Perhaps it was a slip of the finger. Perhaps Levesque was simply scrolling through his app, saw that he’d been tagged in something, and endorsed it unwittingly. Would he really be so reckless as to admit his professional frustrations like this?
When parsing this narrative, there’s a lot to consider before one runs away with it. Vince McMahon is Levesque’s father-in-law. They’re buddies. Levesque - while subtracting stupid comedy, adding logic, and intensifying the action - runs the WWE playbook when scripting talent and telling stories.
Then again: surely, he cannot be thrilled by the frequency with which McMahon renders his acclaimed NXT talents unrecognisable.
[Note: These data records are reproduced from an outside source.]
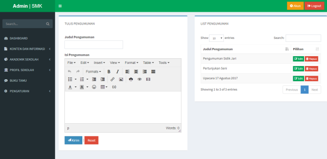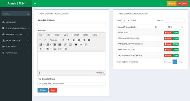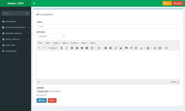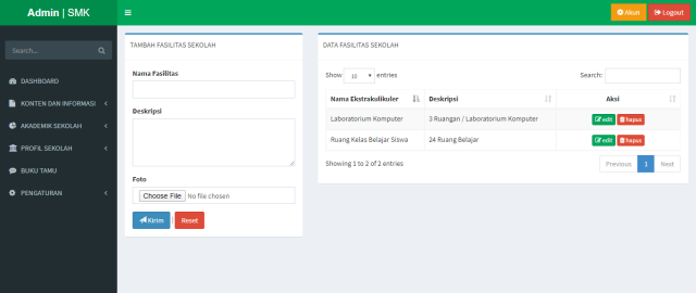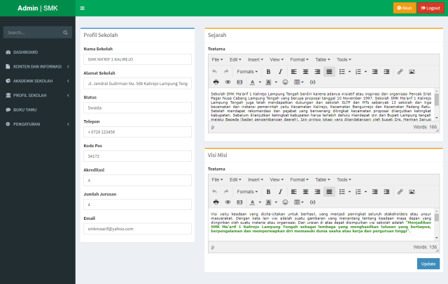 1. Profil Sekolah (Visi & Misi, Nama Sekolah, Sejarah, alamat, status, dll)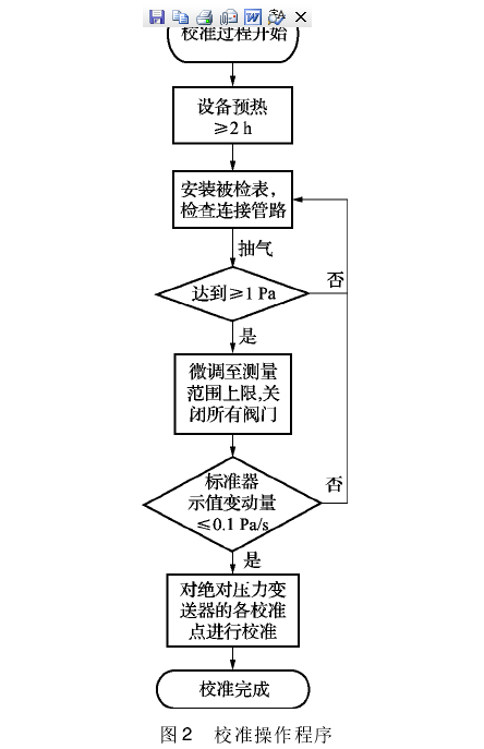 首先將被校變送器正確安裝,位置如圖1所示。關閉微調閥和放氣閥后,打開真空泵及其連接管路.上的真空閥,對傳感器安裝接口及真空氣室進行抽氣,當真空顯示控制單元顯示的壓力值達到1Pa左右時,逐步打開微調閥,使氣瓶內的氣體通過微調閥進入真空氣室,通過平衡抽氣和氣瓶補氣達到動態的平衡后,真空顯示控制器的顯示值達到預定的校準壓力值時,讀取被校變送器示值,完成校準后,關閉真空泵及真空泵后的真空閥,關閉氣瓶和同時關閉真空氣室的微調閥后,打開放氣閥,待壓力達到大氣壓時,卸下變送器,校準結束。操作流程如圖2所示。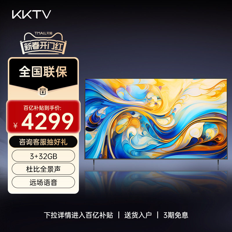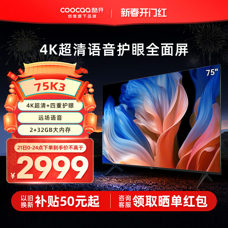 创维酷开K3 65英寸全面屏4K大内存网络智能投屏液晶家用电视机75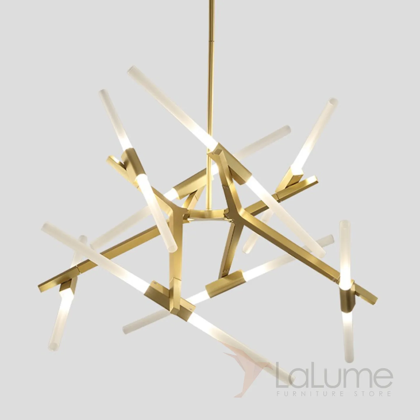 Одна из самых востребованных дизайнерами люстр молекулярной формы, с огромным спектром конфигураций: от 6-х до 20 трубчатых плафонов на каркасе латунного или черного цветов.

For years, Vince has failed, catastrophically, to score the open goal of promoting NXT talents that are already over. Bayley, a spirited wholesome babyface, becomes a pitiful geek loser who is afraid of violence. EC3, who really only has mic skills going for him, is cast as a mute. Aleister Black is a disembodied head in a cupboard who asks fellow wrestlers to “pick a fight” with him every week. Johnny Gargano and Tommaso Ciampa are brought up to the main roster as a tag team in the midst of their blood feud.
In addition to being inept, McMahon has contempt for those who actually watch NXT. That, or he is completely oblivious.
In 2019, McMahon’s creative requires a new word to fully articulate how awful it is.